Meditation as Self Care
As I've been touting the last two weeks, self care is a pretty amazing thing. It makes us feel cared for, held and loved. It inspires us to be compassionate and grateful. But what if there's no time for self care? What do you do in those times? Sometimes we get stuck in a doing pattern, out of necessity or out of habit. Self care can be your escape from the vortex and a path to freedom.

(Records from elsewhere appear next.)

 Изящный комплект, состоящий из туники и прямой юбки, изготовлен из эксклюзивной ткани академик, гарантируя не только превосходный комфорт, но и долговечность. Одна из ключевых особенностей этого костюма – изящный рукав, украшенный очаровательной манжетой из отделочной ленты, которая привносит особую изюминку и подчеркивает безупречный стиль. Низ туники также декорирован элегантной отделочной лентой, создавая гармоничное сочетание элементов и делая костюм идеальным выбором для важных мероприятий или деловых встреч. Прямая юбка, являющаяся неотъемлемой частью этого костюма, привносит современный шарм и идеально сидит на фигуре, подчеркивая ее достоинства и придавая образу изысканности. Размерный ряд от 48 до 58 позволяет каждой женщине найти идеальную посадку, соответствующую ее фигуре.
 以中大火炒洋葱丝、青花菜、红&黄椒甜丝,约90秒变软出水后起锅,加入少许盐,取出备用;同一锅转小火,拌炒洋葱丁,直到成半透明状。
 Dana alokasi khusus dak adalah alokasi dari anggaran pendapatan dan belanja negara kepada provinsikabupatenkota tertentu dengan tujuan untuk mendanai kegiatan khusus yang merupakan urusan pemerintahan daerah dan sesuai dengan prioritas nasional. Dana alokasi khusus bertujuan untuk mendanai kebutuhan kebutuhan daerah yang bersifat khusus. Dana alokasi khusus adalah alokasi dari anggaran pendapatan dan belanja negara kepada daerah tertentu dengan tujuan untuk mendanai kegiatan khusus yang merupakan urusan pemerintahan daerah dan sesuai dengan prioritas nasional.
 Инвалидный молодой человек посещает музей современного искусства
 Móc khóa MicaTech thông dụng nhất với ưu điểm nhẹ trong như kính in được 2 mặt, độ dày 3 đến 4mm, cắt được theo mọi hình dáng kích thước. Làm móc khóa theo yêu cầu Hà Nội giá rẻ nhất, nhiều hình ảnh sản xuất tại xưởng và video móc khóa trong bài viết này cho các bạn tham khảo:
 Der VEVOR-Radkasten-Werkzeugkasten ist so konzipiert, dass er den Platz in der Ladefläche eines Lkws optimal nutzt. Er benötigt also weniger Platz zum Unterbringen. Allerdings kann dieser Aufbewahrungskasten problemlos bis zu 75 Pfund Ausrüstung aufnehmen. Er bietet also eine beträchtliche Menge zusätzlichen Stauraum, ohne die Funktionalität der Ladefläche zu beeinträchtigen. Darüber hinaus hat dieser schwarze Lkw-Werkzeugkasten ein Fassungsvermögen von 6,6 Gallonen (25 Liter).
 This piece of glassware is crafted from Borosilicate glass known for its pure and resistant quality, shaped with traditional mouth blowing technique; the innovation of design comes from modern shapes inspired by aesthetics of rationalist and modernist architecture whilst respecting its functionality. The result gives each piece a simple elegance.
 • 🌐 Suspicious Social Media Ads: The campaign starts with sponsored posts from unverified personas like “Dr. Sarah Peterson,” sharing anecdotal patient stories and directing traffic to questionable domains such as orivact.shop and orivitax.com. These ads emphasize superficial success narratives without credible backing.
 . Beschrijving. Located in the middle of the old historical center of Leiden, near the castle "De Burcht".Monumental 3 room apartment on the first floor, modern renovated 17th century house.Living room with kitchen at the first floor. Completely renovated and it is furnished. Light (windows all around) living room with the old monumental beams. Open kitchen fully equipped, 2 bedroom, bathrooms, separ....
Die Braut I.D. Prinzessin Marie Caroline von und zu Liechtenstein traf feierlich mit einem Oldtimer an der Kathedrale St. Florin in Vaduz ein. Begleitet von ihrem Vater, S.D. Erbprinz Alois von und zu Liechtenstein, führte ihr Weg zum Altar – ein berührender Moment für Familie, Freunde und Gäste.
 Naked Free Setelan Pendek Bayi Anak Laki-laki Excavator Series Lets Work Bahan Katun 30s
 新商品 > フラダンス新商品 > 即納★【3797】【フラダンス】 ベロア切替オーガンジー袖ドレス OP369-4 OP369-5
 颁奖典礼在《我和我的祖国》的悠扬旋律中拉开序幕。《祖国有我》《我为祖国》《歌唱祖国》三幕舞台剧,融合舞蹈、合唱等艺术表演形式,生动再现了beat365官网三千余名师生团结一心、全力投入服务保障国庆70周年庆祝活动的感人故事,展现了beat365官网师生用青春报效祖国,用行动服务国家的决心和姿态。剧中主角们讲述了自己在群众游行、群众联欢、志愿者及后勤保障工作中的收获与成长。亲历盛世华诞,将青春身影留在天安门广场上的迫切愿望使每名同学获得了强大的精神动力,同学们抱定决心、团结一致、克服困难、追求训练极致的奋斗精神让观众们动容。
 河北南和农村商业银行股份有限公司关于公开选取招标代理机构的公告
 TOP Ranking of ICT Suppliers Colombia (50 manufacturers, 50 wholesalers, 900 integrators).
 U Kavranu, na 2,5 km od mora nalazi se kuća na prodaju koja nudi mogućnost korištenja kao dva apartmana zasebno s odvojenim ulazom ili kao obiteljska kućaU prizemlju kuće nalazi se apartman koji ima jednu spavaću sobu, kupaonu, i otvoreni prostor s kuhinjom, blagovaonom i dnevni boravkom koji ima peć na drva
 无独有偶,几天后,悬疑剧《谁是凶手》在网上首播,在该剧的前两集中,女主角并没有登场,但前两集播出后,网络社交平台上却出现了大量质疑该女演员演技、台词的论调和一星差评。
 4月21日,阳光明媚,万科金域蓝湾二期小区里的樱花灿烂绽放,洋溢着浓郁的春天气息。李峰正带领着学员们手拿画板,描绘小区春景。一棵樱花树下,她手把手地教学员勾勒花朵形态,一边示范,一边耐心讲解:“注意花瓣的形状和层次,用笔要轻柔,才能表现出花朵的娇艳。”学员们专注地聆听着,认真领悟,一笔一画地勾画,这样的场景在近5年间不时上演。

If you have a particularly busy work schedule, sick loved ones, a loved but time-consuming hobby, a commitment you made, kids' schedules, volunteering, traveling, [enter your time sucker here], it can be difficult to see how the square peg of self care will fit into this round hole of doing. Take a deep breath...and exhale...this is one thing you can do to take care of yourself. Even if it's 5 breaths before getting out of the car, that's something to halt the vortex and bring you into the present. You're giving yourself much needed oxygen, a more even breath which leads to a more even mind, and attention. A little bit of freedom.
Somewhere in your day must be 5 minutes to meditate. If not, make it happen. You can do this. Meditation is a time-saver, not a time-waster. It makes you more efficient in your non-meditation time, it gets you to be realistic with your time and energy and it boils things down to what's important. You may find that when you take 5 minutes to meditate, you end up deciding to take 5 things off today's to-do list, because they are 1) unnecessary and 2) impossible to complete in one day without becoming a screaming mess, let alone how impossible they would be added to the 10 things that remain on the list, and what kind of monster would emerge from your neck after your head disconnects from your body. You may find that those 5 minutes of meditation do so much for you that you turn them into 10 minutes and eventually 20. Imagine the vortex stopping, or at least slowing, for 20 whole minutes.
This is a task, for sure - to get out of the doing pattern. Weaning yourself off of the pattern takes innovation and perserverance. It's likely you can't walk away from your commitments or shock those who depend on you with your 180. But you can dig slowly and steadily while completing your tasks, like Andy Dufresne through the Shawshank walls, and find your freedom.